Ending U.S. torture gains the moral high ground, but will not in itself make America safer. By Thomas Hegghammer The CIA torture memos have generated a media storm in the United States. Many have expressed surprise and indignation at the nature and extent of state-sanctioned torture in the war on terror. On the center-left ...
Ending U.S. torture gains the moral high ground, but will not in itself make America safer.
By Thomas Hegghammer
The CIA torture memos have generated a media storm in the United States. Many have expressed surprise and indignation at the nature and extent of state-sanctioned torture in the war on terror. On the center-left of the political spectrum there is also a sense of relief and hope that the dark Bush era is over and that a torture-free America will regain the moral high ground and be safer as a result.

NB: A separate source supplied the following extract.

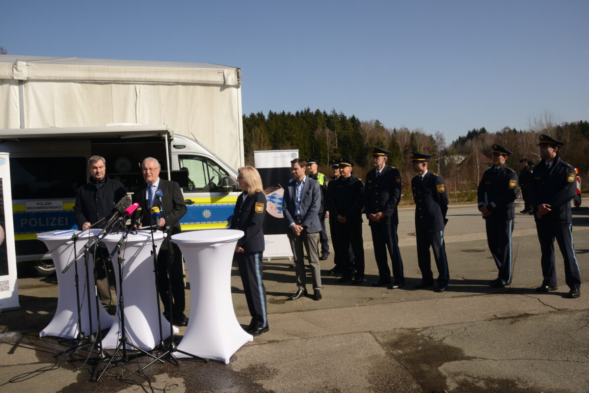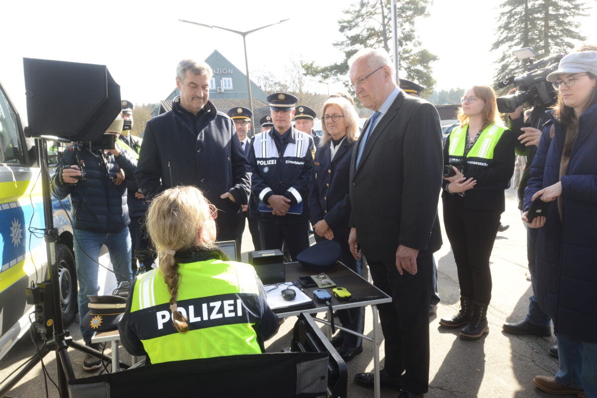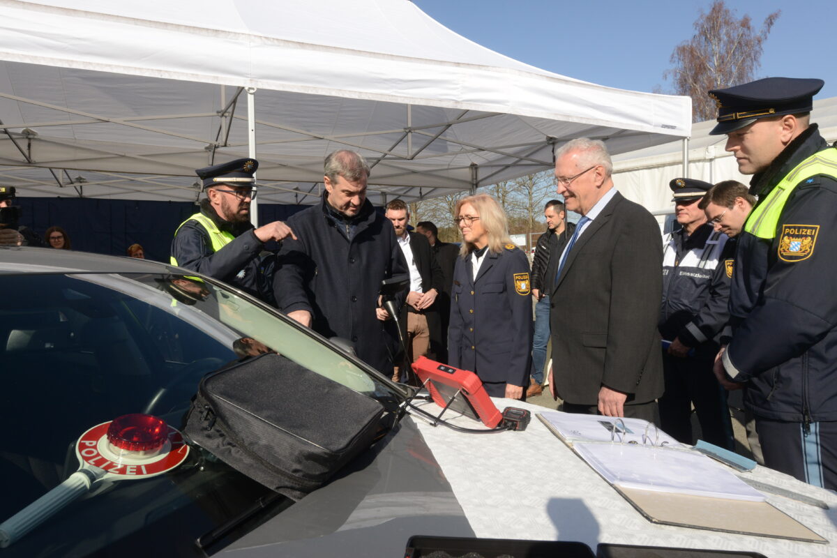 Über den Einsatz der hochmodernen Technik konnten sich anschließend Bayerns Ministerpräsident Dr. Markus Söder gemeinsam mit Innenminister Joachim Herrmann bei der Möglichkeit zur Personenkontrolle, bei der Überprüfung eines eingereisten Lastkraftwagens, beim Einsatz von Personendetektionsgeräten, einer supermodernen Drohne und weiteren Techniken informieren.

Switch to the jihadi Internet forums, where thousands of radical Islamists log on every day to debate religion, politics, and the latest news from the war on terror. Last week there were debates on all kinds of topics, from swine flu to the financial crisis to the alleged capture of the leader of al Qaeda in Iraq. But there was virtually nothing about the torture memos.
This wasn’t because the jihadists don’t care about how the United States treats detainees. Pictures from Guantánamo and Abu Ghraib have been among al Qaeda’s most widely used and most potent recruitment tools in the post-9/11 era. Since early 2002, not a day has passed without Guantánamo being mentioned somewhere on the jihadi Internet. Outrage over Abu Ghraib was the single most important motivation for foreign jihadists going to Iraq in 2004 and 2005. Al Qaeda hostage takings began after the establishment of Guantánamo and skyrocketed after Abu Ghraib. More than one Western hostage met his fate in Iraq wearing an orange jumpsuit.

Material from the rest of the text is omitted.